═════ Provided records

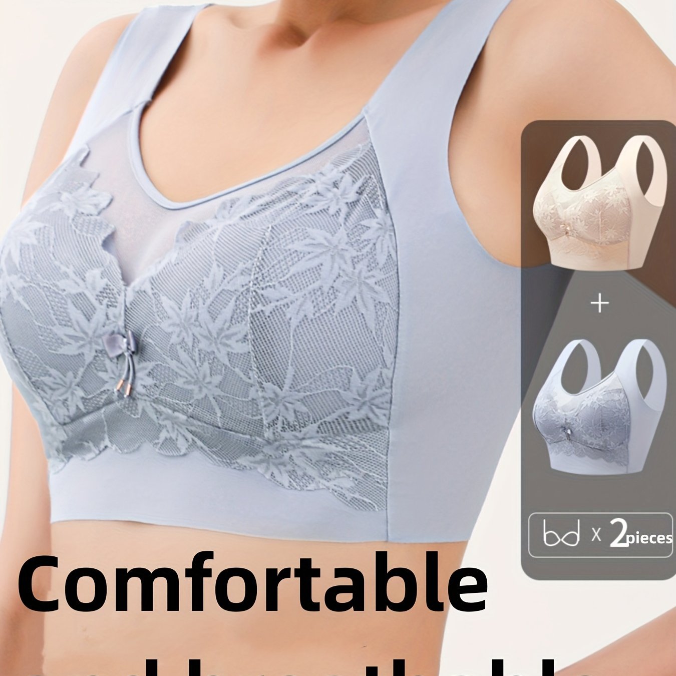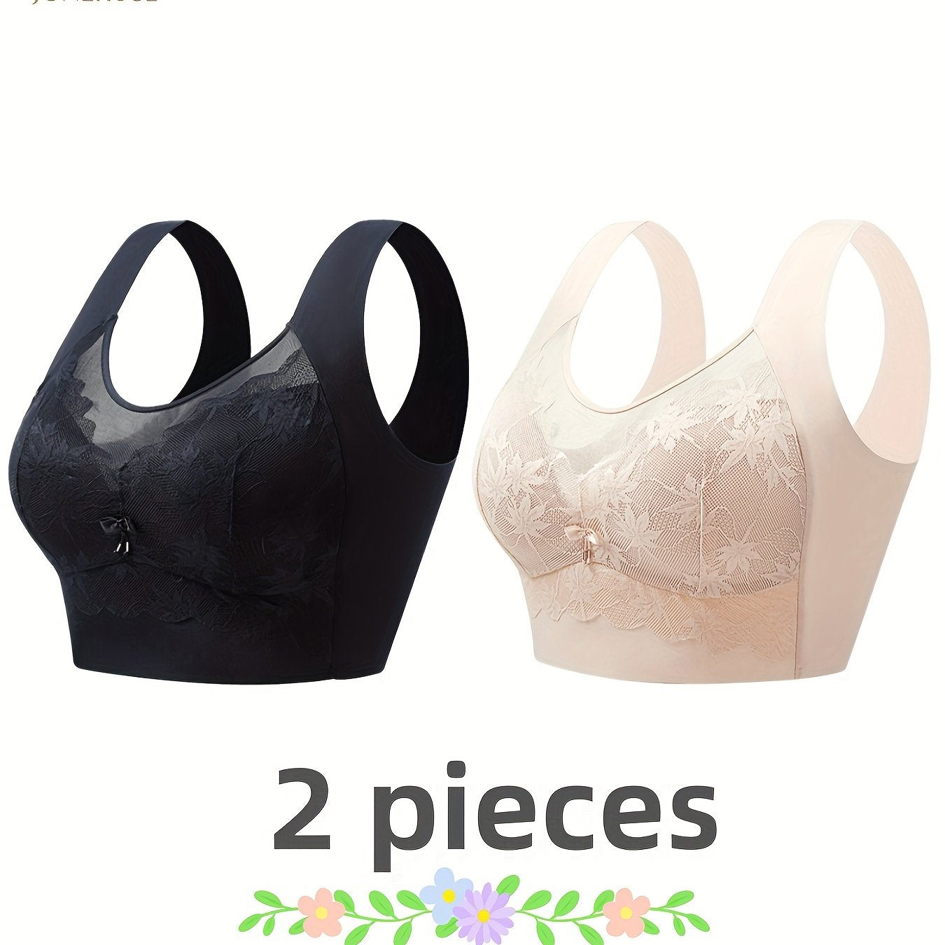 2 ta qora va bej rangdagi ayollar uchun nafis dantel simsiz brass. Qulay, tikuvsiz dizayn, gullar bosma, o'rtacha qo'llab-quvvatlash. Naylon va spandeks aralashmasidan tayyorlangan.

══════════
═════ Provided records

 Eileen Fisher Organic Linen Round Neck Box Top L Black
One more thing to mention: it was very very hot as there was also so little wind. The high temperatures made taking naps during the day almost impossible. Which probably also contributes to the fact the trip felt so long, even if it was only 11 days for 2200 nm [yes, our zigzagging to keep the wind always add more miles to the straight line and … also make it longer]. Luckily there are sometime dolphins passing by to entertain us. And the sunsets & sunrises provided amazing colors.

══════════

» Instructions to follow
Would you retype the lines above from the one with "Eileen Fisher Organic" down to the one with "One more thing", word for word, both ends included and no other lines?

» Written solution
 Eileen Fisher Organic Linen Round Neck Box Top L Black
One more thing to mention: it was very very hot as there was also so little wind. The high temperatures made taking naps during the day almost impossible. Which probably also contributes to the fact the trip felt so long, even if it was only 11 days for 2200 nm [yes, our zigzagging to keep the wind always add more miles to the straight line and … also make it longer]. Luckily there are sometime dolphins passing by to entertain us. And the sunsets & sunrises provided amazing colors.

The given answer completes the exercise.